With regards to ROCD you need to level with that person or people about your struggles and how this knowledge is helpful to them or what they could do for you! Hope this helps I’m with you!
Thank you it does. I just have bad anxiety from trying to stop rumination that it gets me spiraling.
I’m in the journey now and it’s hard. It’s emotional, challenging, and scary. I have had great stretches and then suddenly had awful ones. So I’d say I’m in the process of overcoming, slowly and painfully but surely. The journey is messy and there will be relapses. But it’s how you respond to them when they come that matters most.
I’m on the same page, it’ll be good for a bit and it makes me feel like I was better then it flares again. I understand that’s gonna be the process. The hardest thing is that my compulsion is 100% mental - I ruminate & check my feelings for anxiety - which is really hard to stop. Idk how to stop this feeling & I know if it doesn’t stop, then ERP might not work for me.
@Anonymous This is something I struggle a lot with too. Mine are all mental compulsions and ruminating
@Mak46 Try reading this and listen to his podcast to see if it helps you. Mental checks are definitely the hardest compulsion to stop, in my humble opinion. These needs to be stop before ERP does us any good.
@Anonymous Thanks for the resource!
@Mak46 Anytime!
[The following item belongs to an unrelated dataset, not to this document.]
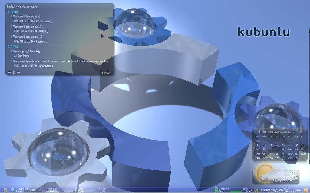 Die wallpapers, die zijn van Interfacelift.com, niet? Overigens, wacht maar tot je KDE 4.2 probeert. Dan kun je pas lekker pimpen :evil:
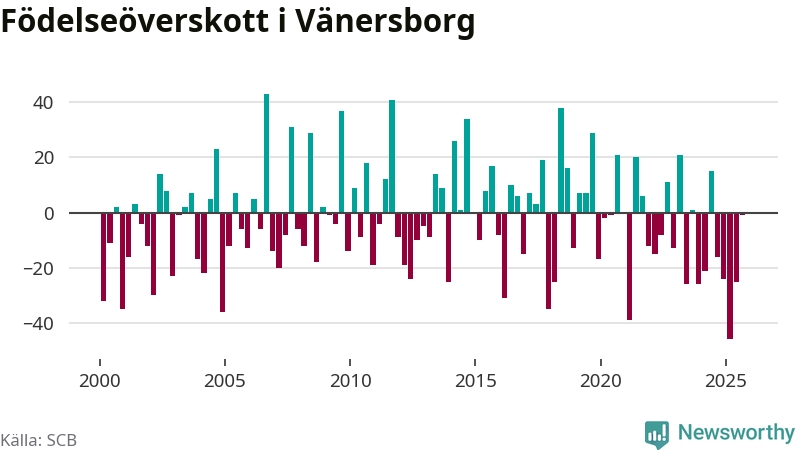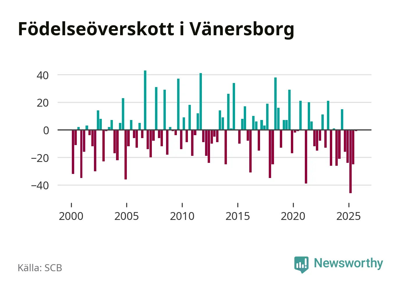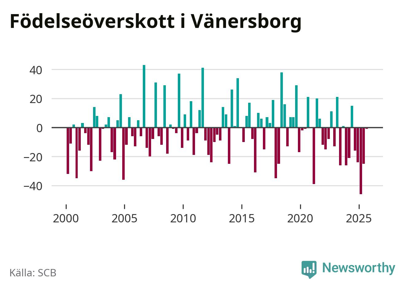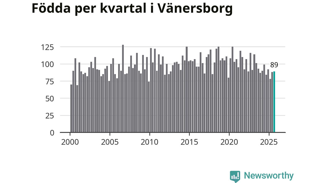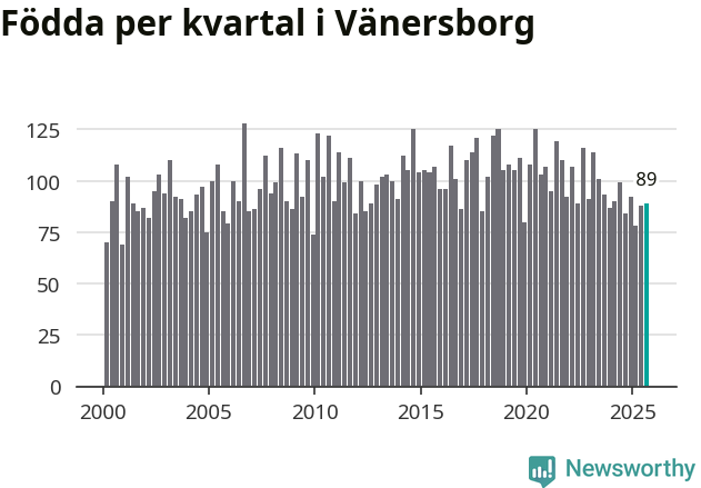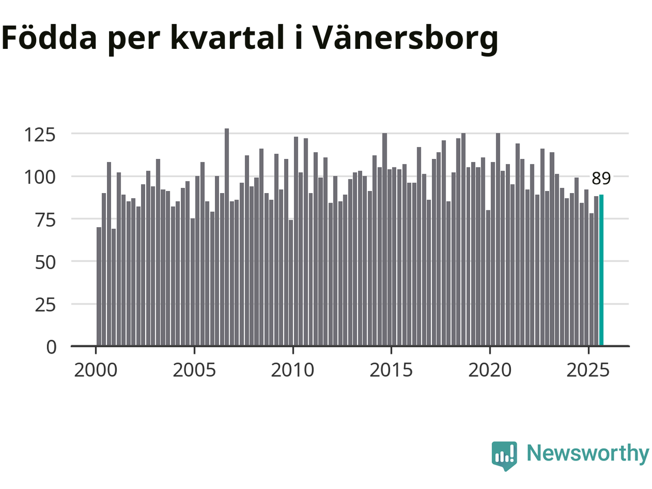 Enligt SCB:s siffror föddes 89 barn i Vänersborg under det senaste kvartalet. Samtidigt avled 90 personer. Skillnaden mellan antal födda och döda är så liten att det inte går att säga om det beror på något annat än SCB:s röjandeskydd. Kommunen har historiskt sett haft ungefär lika många kvartal med positivt födelsenetto som negativt.

Trying to help anyone as much as I can. I just know how difficult this journey is. Let’s work hard, we’ll be able to do it one day!
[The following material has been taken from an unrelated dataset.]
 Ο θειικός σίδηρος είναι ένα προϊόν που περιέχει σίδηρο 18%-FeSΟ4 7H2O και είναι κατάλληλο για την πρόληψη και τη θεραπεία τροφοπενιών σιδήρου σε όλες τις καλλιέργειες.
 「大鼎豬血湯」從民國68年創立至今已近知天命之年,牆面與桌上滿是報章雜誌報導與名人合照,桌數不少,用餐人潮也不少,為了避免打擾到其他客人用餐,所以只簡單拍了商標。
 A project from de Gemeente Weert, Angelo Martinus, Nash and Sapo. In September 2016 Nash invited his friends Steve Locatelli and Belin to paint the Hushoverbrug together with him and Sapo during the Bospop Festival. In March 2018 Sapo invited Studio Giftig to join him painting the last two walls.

@Anonymous Yeah that is very helpful! I haven't been feeling quite as anxious about stuff or having as many thoughts. But I have also experienced a loss of attraction which hasn't come back. So that is what is also happening with me a lot recently.
@Mak46 I feel you on that & trust me, I know the struggle. I have a fiancé who I love dearly but because of what I’m going thru, attraction for anything right now is beyond difficult to comprehend. I’m not a therapist, so take my thoughts for a grain of salt - but what I’ve learned is that since we’re always in “fight or flight” mode, our bodies doesn’t care about attraction or hunger. I know I’ve lost my appetite & it’s slowly improving, however it hasn’t been the same yet. I have hope that this isn’t going to last forever as long as we continue to work on it. Get a therapist, if you haven’t already. They do help.
@Anonymous Thanks for the advice. Yeah it makes sense that we are so anxious that doing anything else doesn't sound as interesting. I hope so too. Yeah and I have gone on dates with this one guy because I don't want to start avoiding that as well. But my ocd is definitely making that difficult. Especially since I have never had a boyfriend before and the whole thing makes me so anxious.
@Mak46 Definitely try to speak with a therapist. These comments will only be part of your assurance and I definitely do not want to participate in feeding your OCD “monster”. Mainly focus on yourself first before anything else!
@Anonymous Thanks. Yeah I have been trying to find one that I could maybe get insurance to cover. Thank you for listening to me.
@Mak46 NOCD has great therapists who are knowledgeable on ERP. I understand about the insurance situation tho, I’m paying out of pocket every sessions because my insurance doesn’t cover it. Definitely try to find some family or friends who are able to help or lend you money, if your insurance doesn’t cover it!
Just want you to know that I have seen *so* many people recover from these themes - you are not alone, there is light at the end of the tunnel. From a therapist's perspective, it's really important to embrace the ERP skills and to follow your therapist's suggestions ESPECIALLY when the OCD feels really real. I also encourage people not to get stuck with questions like "is it normal for people to think this way?" and instead ask yourself "what's good for my treatment?" and really prioritizing your treatment/recovery.
Thank you for your response to this Jenna! It gives me hope, especially on days when the OCD feelings seems so real. It is definitely a hard process but I am doing my best with my ERP homework 📚
Hi Jenna - I’m not sure if you’re going to see this. However I would like to hear your experience when it comes to my subtypes, which is SOOCD & ROCD. Since starting treatment / therapy, I’ve been feeling depressed and that causes my ability to love disappear. I can’t feel love towards my family or fiancé. I am especially more scared of not feeling that sprak or love towards my fiancé because deep down, I know I love him so much. He has supported me so much. This in turns makes me feel more sad, guilty & triggers my anxiety. Why is that?